I grew up in Richmond, Virginia in the mid-century modern house that my father designed. The “modern” house (“mid-century” being a term coined only recently), with its classic 50’s decor and food-themed mural hand painted by my dad on the large kitchen walls, was featured with a photo-spread in the Richmond Times-Dispatch. Growing up across the street from the University of Richmond, we played on its beautiful grounds and athletic fields and we sledded its hills and skated on its frozen lake in winter. Summers were otherwise spent at the local community pool and tennis courts – Ridgetop.
After college in Charlottesville, VA, and marriage to my sweetie, who grew up literally up the street only blocks away, we did short stints in Boulder, CO and Corvallis, OR, before settling in California in 1980 and in our current Menlo Park home in 1982.

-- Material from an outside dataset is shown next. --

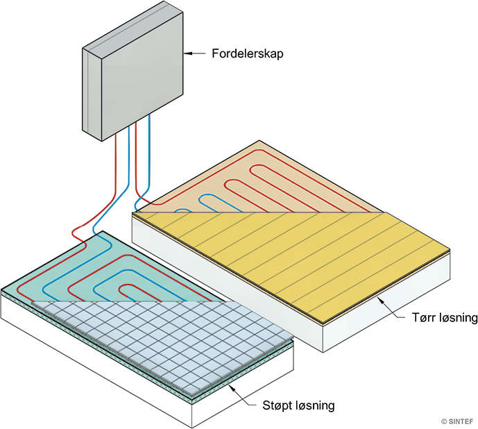 Gulv med vannbåret varme. Hovedløsningene er støpt løsning der varmerørene støpes inn, og tørr løsning med varmerør lagt i varmefordelingsplater.
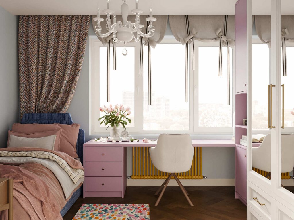 Комната дочери — это гармоничное сочетание нежных оттенков, легкости и функциональности. Интерьер подчеркивает индивидуальность подростка, создавая атмосферу, в которой можно отдыхать, учиться и мечтать.

After 35 years at NASA Ames Research Center in the heart of Silicon Valley, I retired in 2015. I was fortunate to work with many incredible people from around the country and around the world on many exciting international scientific projects in far-flung locations around the planet, largely using NASA’s fleet of unique aircraft fitted with state-of-the-art scientific instruments. One significant highlight was returning the “smoking gun” – the scientific evidence from flights over Antarctica by the NASA-modified U-2 aircraft which proved conclusively that human produced CFC’s were responsible for the “Ozone Hole”. Not too often that your normally arcane scientific accomplishments have a major impact on international environmental policy. In my last 10 years at NASA I joined the SES ranks (senior executive service) as the Chief of the Earth Science Division – about 120 scientists, engineers and support personnel whose life work is dedicated to understanding and protecting our home planet. We use the unique NASA perspective of space-based observation, augmented with aircraft and surface data, and state-of-the-art global Earth system (climate) models run on NASA’s supercomputer at Ames, to better understand the Earth’s geophysical systems and our human impact on them.